BEGIN
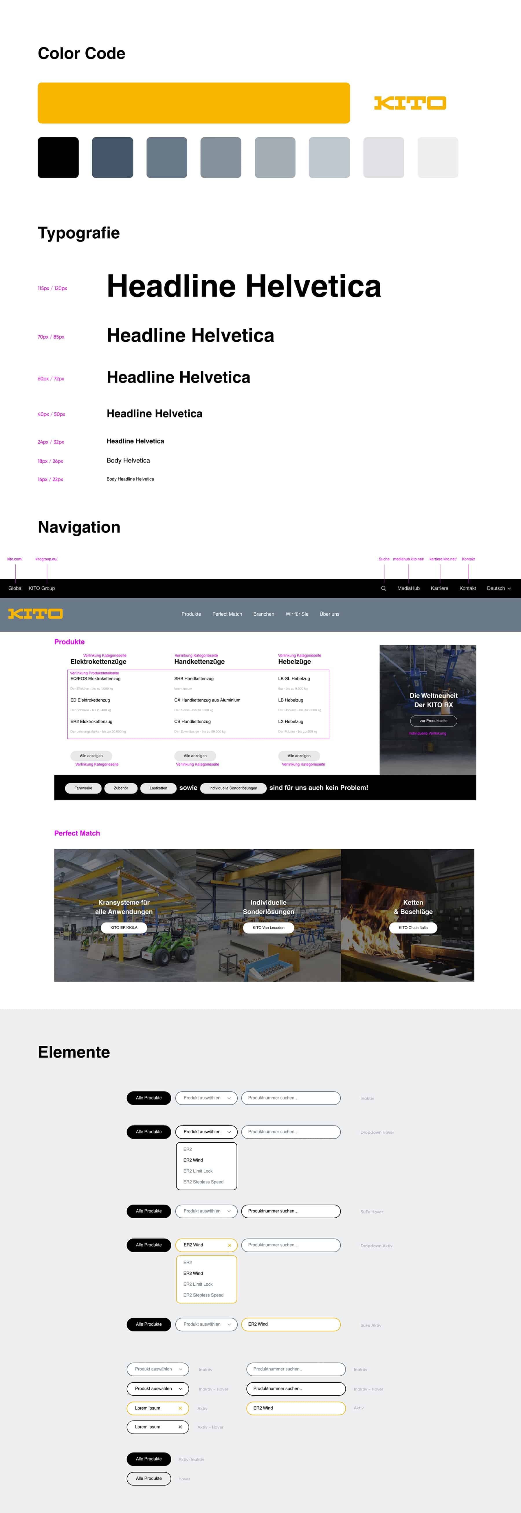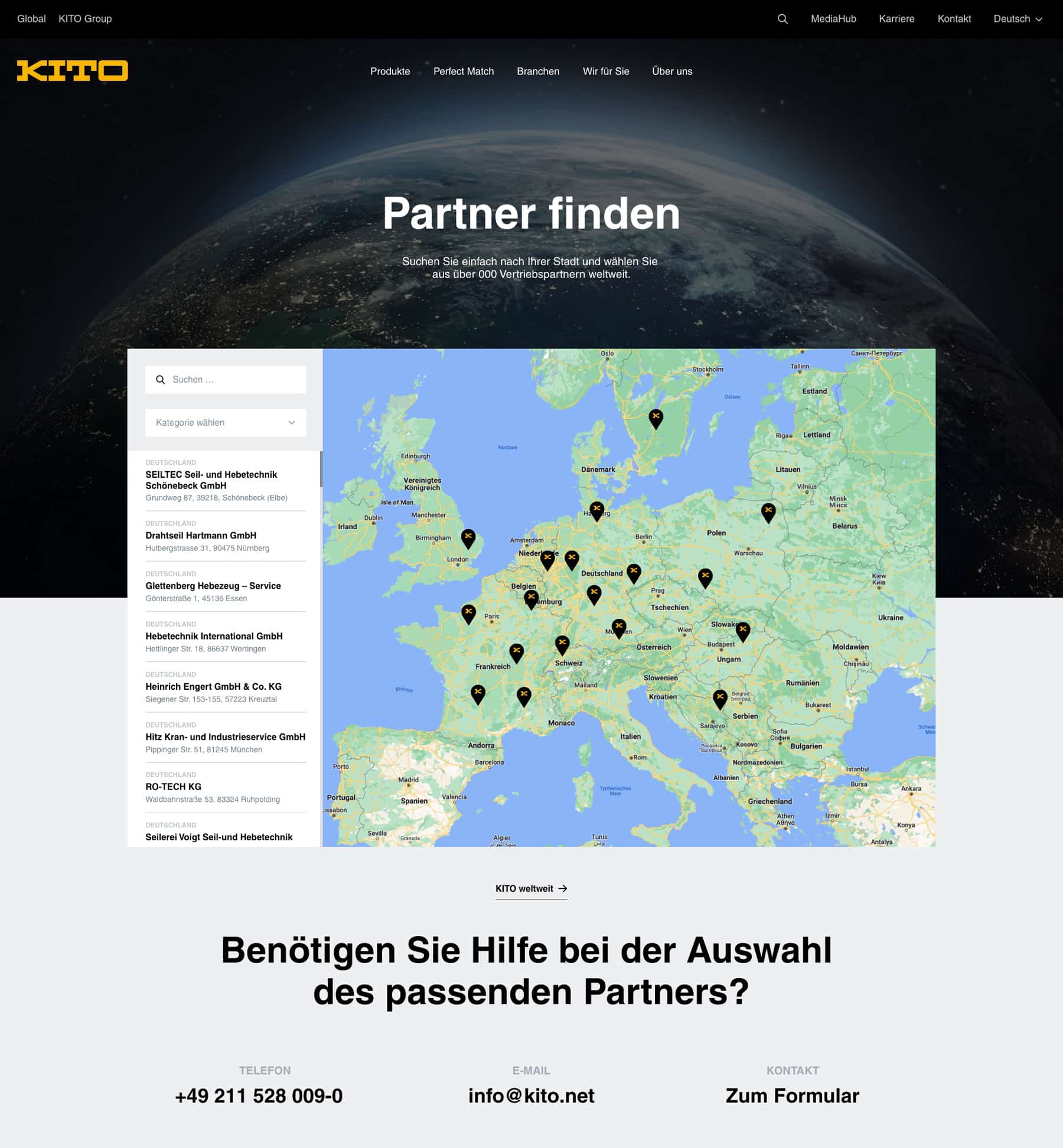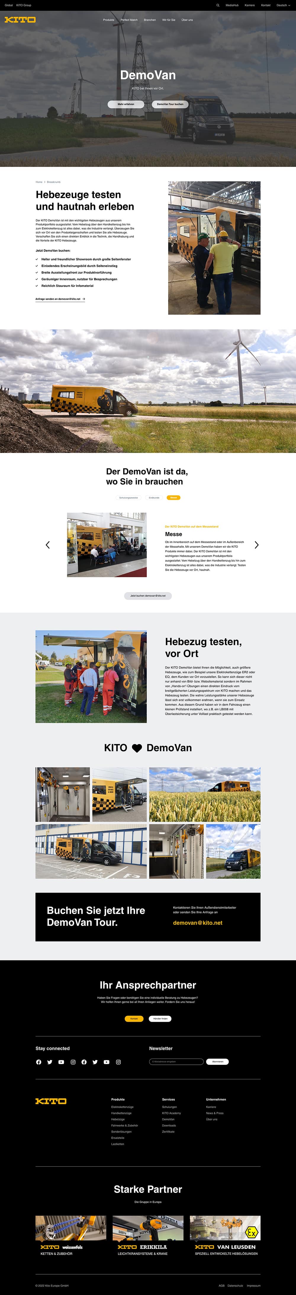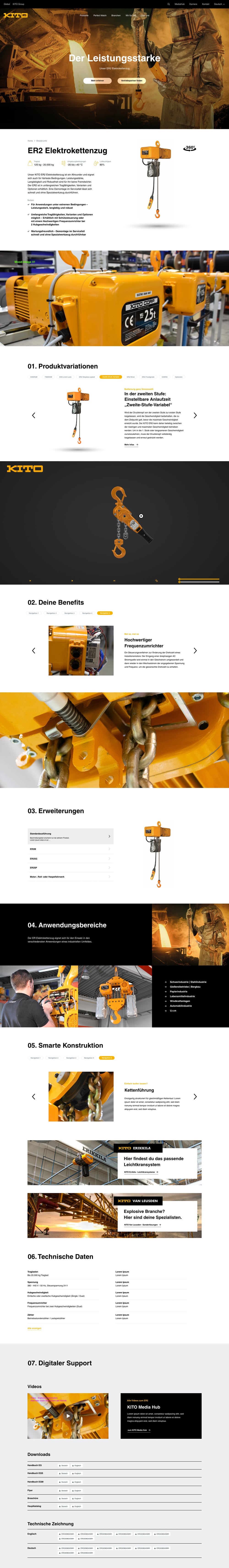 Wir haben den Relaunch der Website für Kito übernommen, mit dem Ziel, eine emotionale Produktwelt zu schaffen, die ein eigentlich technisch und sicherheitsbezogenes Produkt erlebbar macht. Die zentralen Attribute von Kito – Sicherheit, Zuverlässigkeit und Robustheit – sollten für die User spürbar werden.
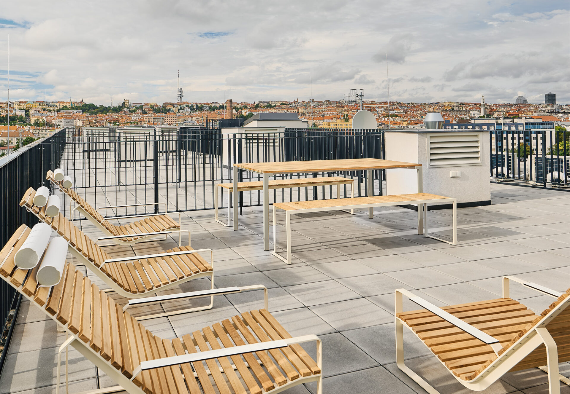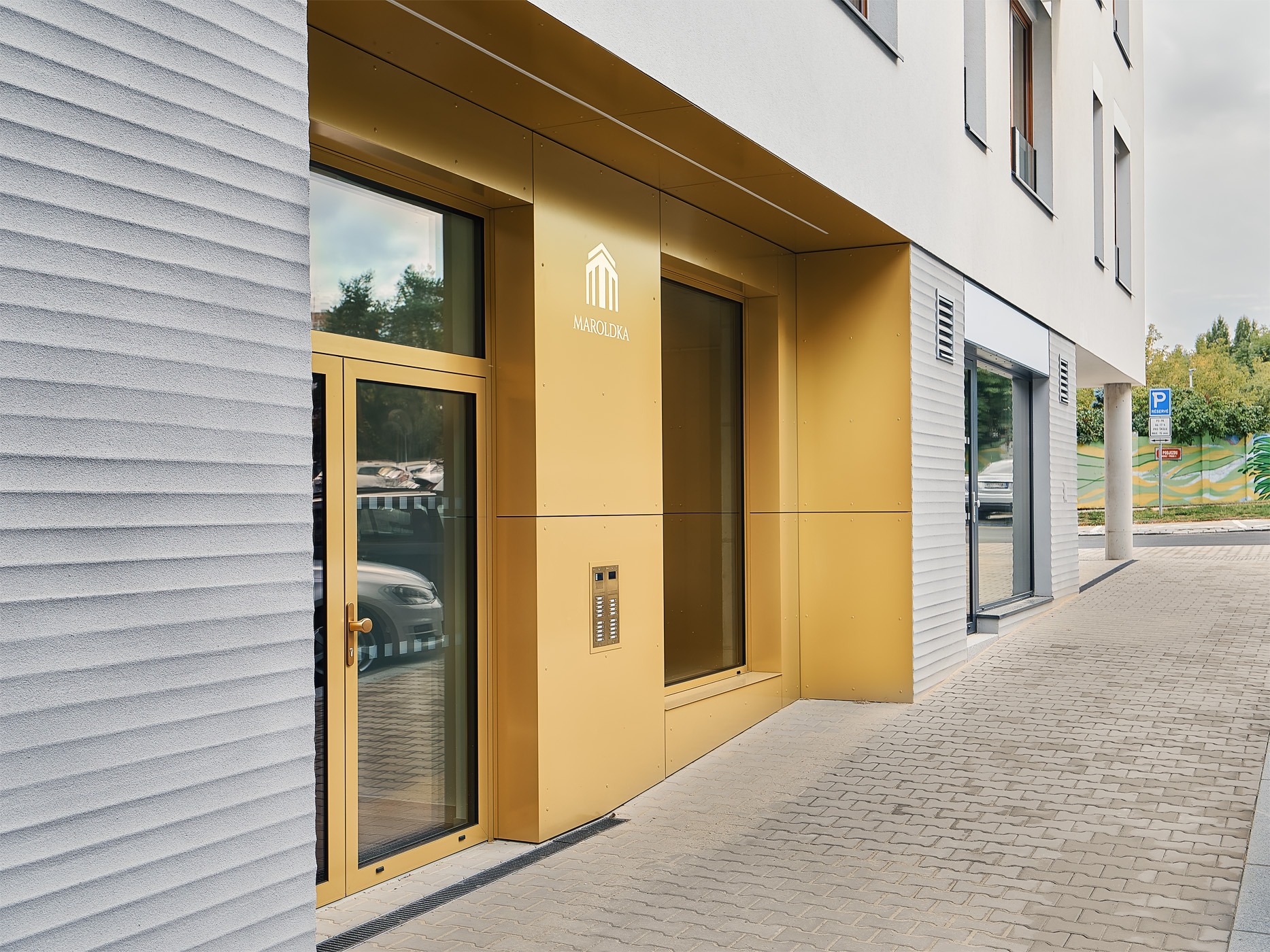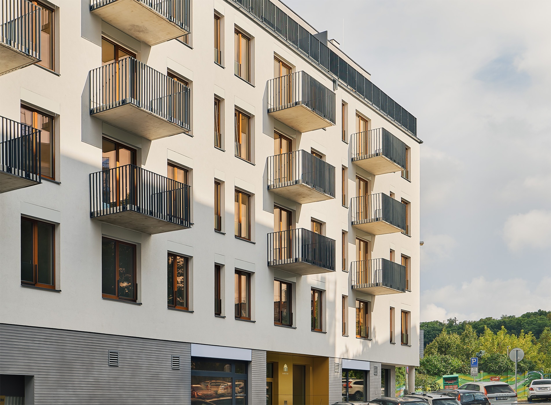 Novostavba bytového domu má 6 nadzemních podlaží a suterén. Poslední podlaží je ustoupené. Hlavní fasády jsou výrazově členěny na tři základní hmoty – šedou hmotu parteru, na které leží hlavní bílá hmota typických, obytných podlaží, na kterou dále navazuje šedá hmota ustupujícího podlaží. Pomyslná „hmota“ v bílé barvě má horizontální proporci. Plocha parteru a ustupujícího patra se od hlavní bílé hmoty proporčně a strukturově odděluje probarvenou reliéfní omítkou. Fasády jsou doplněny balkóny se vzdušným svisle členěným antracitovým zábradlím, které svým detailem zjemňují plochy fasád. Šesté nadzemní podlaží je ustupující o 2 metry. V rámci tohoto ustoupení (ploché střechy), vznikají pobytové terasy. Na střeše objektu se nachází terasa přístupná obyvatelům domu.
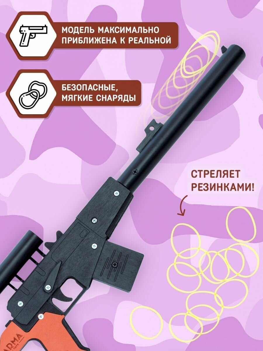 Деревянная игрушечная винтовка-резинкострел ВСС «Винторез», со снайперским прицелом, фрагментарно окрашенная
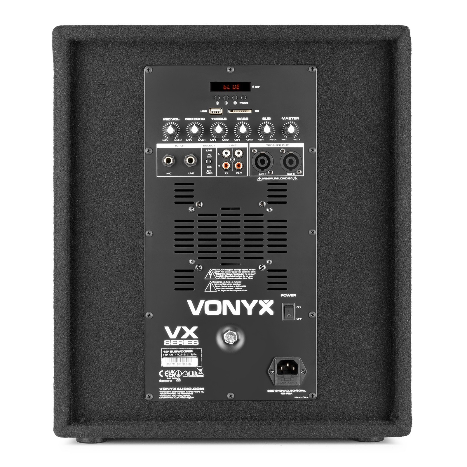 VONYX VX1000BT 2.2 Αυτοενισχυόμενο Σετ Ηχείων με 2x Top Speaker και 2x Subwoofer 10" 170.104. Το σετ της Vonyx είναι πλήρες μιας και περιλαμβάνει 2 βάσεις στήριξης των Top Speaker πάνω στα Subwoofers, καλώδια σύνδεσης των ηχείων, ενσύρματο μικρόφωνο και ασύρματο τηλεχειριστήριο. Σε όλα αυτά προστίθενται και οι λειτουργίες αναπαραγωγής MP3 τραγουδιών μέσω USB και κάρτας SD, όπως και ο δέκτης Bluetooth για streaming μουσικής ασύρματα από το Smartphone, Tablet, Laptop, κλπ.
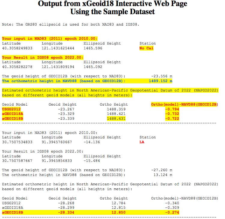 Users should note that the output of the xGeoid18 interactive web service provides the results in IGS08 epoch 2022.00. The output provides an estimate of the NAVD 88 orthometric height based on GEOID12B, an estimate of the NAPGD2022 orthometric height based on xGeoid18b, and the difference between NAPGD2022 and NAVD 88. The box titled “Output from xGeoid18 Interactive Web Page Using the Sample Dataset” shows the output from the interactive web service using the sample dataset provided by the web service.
END
Copy out the preceding entries without a single change, leaving out the pictures.

Response area:
 Wir haben den Relaunch der Website für Kito übernommen, mit dem Ziel, eine emotionale Produktwelt zu schaffen, die ein eigentlich technisch und sicherheitsbezogenes Produkt erlebbar macht. Die zentralen Attribute von Kito – Sicherheit, Zuverlässigkeit und Robustheit – sollten für die User spürbar werden.
 Novostavba bytového domu má 6 nadzemních podlaží a suterén. Poslední podlaží je ustoupené. Hlavní fasády jsou výrazově členěny na tři základní hmoty – šedou hmotu parteru, na které leží hlavní bílá hmota typických, obytných podlaží, na kterou dále navazuje šedá hmota ustupujícího podlaží. Pomyslná „hmota“ v bílé barvě má horizontální proporci. Plocha parteru a ustupujícího patra se od hlavní bílé hmoty proporčně a strukturově odděluje probarvenou reliéfní omítkou. Fasády jsou doplněny balkóny se vzdušným svisle členěným antracitovým zábradlím, které svým detailem zjemňují plochy fasád. Šesté nadzemní podlaží je ustupující o 2 metry. V rámci tohoto ustoupení (ploché střechy), vznikají pobytové terasy. Na střeše objektu se nachází terasa přístupná obyvatelům domu.
 Деревянная игрушечная винтовка-резинкострел ВСС «Винторез», со снайперским прицелом, фрагментарно окрашенная
 VONYX VX1000BT 2.2 Αυτοενισχυόμενο Σετ Ηχείων με 2x Top Speaker και 2x Subwoofer 10" 170.104. Το σετ της Vonyx είναι πλήρες μιας και περιλαμβάνει 2 βάσεις στήριξης των Top Speaker πάνω στα Subwoofers, καλώδια σύνδεσης των ηχείων, ενσύρματο μικρόφωνο και ασύρματο τηλεχειριστήριο. Σε όλα αυτά προστίθενται και οι λειτουργίες αναπαραγωγής MP3 τραγουδιών μέσω USB και κάρτας SD, όπως και ο δέκτης Bluetooth για streaming μουσικής ασύρματα από το Smartphone, Tablet, Laptop, κλπ.
 Users should note that the output of the xGeoid18 interactive web service provides the results in IGS08 epoch 2022.00. The output provides an estimate of the NAVD 88 orthometric height based on GEOID12B, an estimate of the NAPGD2022 orthometric height based on xGeoid18b, and the difference between NAPGD2022 and NAVD 88. The box titled “Output from xGeoid18 Interactive Web Page Using the Sample Dataset” shows the output from the interactive web service using the sample dataset provided by the web service.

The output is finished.